Informasi bagaimana seorang ilmuwan tingkat dunia --salah satunya adalah Prof Dr Maurice Bucaille, ahli bedah kenamaan Prancis dan pernah mengepalai klinik bedah di Universitas Paris-- menemukan kebenaran tentang eksistensi Tuhan dengan kemahabesarannya adalah salah satu contohnya.

Pada 1975, ilmuwan yang lahir di Pont-L'Eveque, Prancis, pada 19 Juli 1920 dan meninggal pada 17 Februari 1998 itu intens mendalami kajian biologi dan hubungannya dengan beberapa doktrin agama terkait mumi Fir'aun, raja Mesir pada masa Nabi Musa, AS.

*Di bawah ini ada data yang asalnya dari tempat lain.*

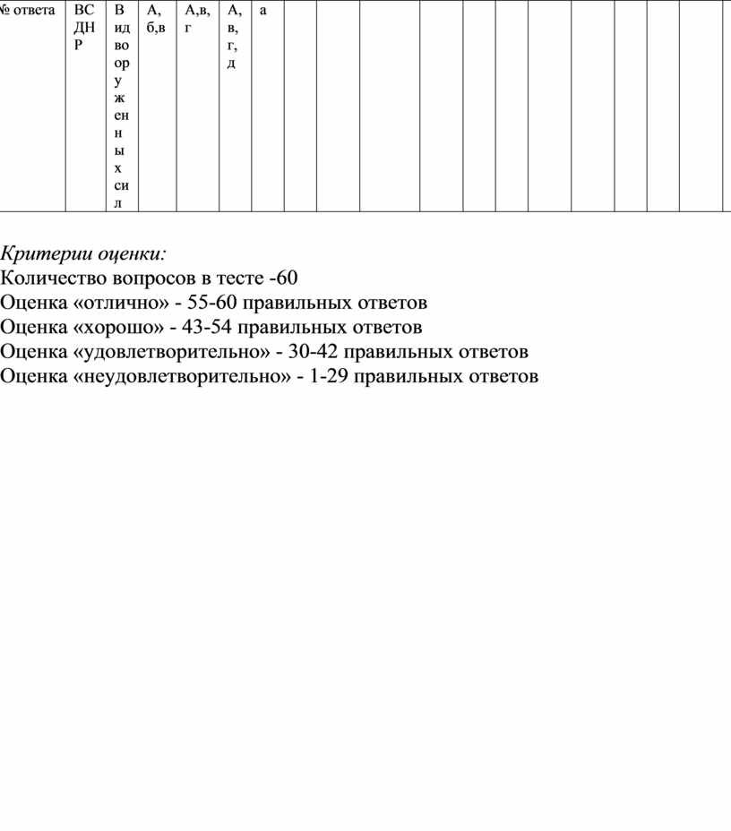 Оценка «удовлетворительно» - 30-42 правильных ответов

Dalam "tarikh" (sejarah) Islam, Firaun adalah gelar bagi raja-raja Mesir masa purbakala di mana Firaun di masa Nabi Musa adalah Minephtah (1232-1224 SM), putra dari Ramses II.

Atas kerja sama antara Pemerintah Prancis dan Mesir, maka dilakukan penelitian untuk mempelajari dan menganalisis mumi Firaun, di mana mumi itu dibawa ke Pusat Purbakala Prancis guna mengungkap rahasia di baliknya oleh para ilmuwan terkemuka dan para pakar dokter bedah dan otopsi di Prancis.

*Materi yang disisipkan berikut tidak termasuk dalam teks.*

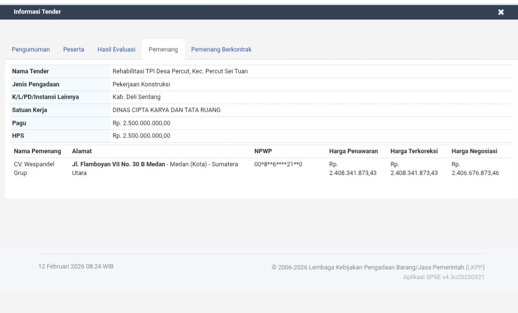 Sebelum nya Proyek (TPI) Tempat Pendaratan Ikan Desa Percut Kecamatan Percut Sei tuan Kabupaten Deli Serdang senilai Rp2,5 miliar bermasalah.Rekanan melanggar jadwal masa kontrak pekerjaan dimana seharusnya Kegiatan itu rampung diakhir Desember 2025. Sementara pemerintah dalam hal ini Dinas Cipta Karya dan Tata Ruang (CKTR) Deli Serdang, sudah melakukan pembayaran 100% atau lunas.

Penanggung jawab utama dalam penelitian mumi itu adalah Prof Dr Maurice Bucaille.

Dalam penelitian itu, ia juga terlibat diskusi dengan peneliti dan ilmuwan Muslim dan meminta penjelasan tentang kehidupan Nabi Musa, perbuatan Firaun hingga pengejaran pada Musa sampai akhirnya Fir'aun tenggelam di Laut Merah.

Ketika berdiskusi dengan ilmuwan Muslim tersebut, Maurice Bucaille diberikan rujukan Al Quran surah Yunus ayat 92, yang artinya: "Maka pada hari ini kami selamatkan badanmu supaya kamu dapat menjadi pelajaran bagi orang-orang yang datang sesudah mu dan sesungguhnya kebanyakan dari manusia lengah dari tanda-tanda kekuasaan Kami".

Simpulan akhir penelitian itu, salah satunya menghasilkan temuan bahwa sisa-sisa garam yang melekat pada tubuh mumi itu adalah bukti terbesar bahwa Fir'aun memang mati karena tenggelam, dan itu sekaligus menunjukkan Al Quran selaras dengan sains.

Pada Firman Allah SWT itu membuktikan tentang bagaimana keadaan tubuh Firaun setelah diangkat dari dasar laut, dan kemudian mengantarkan Maurice Bucaille bersyahadat.

Lantas, apa makna dari pengalaman empirik dan spiritual itu? Khususnya bagaimana manusia saat ini menghadapi pandemi COVID-19?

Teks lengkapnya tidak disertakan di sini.